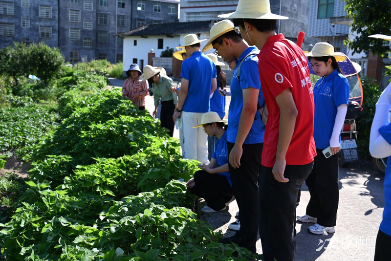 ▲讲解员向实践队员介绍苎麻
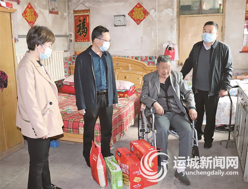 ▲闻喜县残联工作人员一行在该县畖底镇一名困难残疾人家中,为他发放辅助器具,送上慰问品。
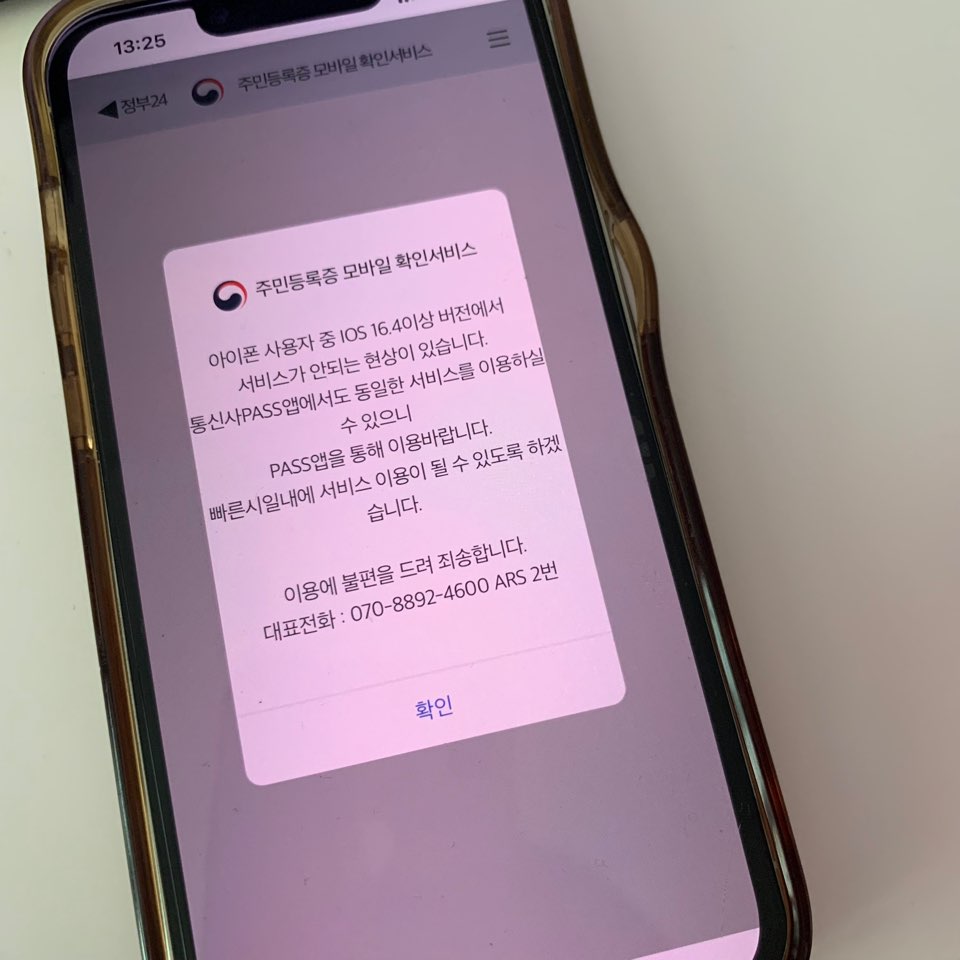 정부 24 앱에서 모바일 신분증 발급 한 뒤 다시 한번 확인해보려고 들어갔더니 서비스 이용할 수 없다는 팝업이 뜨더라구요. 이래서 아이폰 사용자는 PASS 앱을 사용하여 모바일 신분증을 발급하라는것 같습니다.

** Exercise details **
Would you copy each line above exactly as given, dropping any images?

** Result of the exercise **
 ▲讲解员向实践队员介绍苎麻
 ▲闻喜县残联工作人员一行在该县畖底镇一名困难残疾人家中,为他发放辅助器具,送上慰问品。
 정부 24 앱에서 모바일 신분증 발급 한 뒤 다시 한번 확인해보려고 들어갔더니 서비스 이용할 수 없다는 팝업이 뜨더라구요. 이래서 아이폰 사용자는 PASS 앱을 사용하여 모바일 신분증을 발급하라는것 같습니다.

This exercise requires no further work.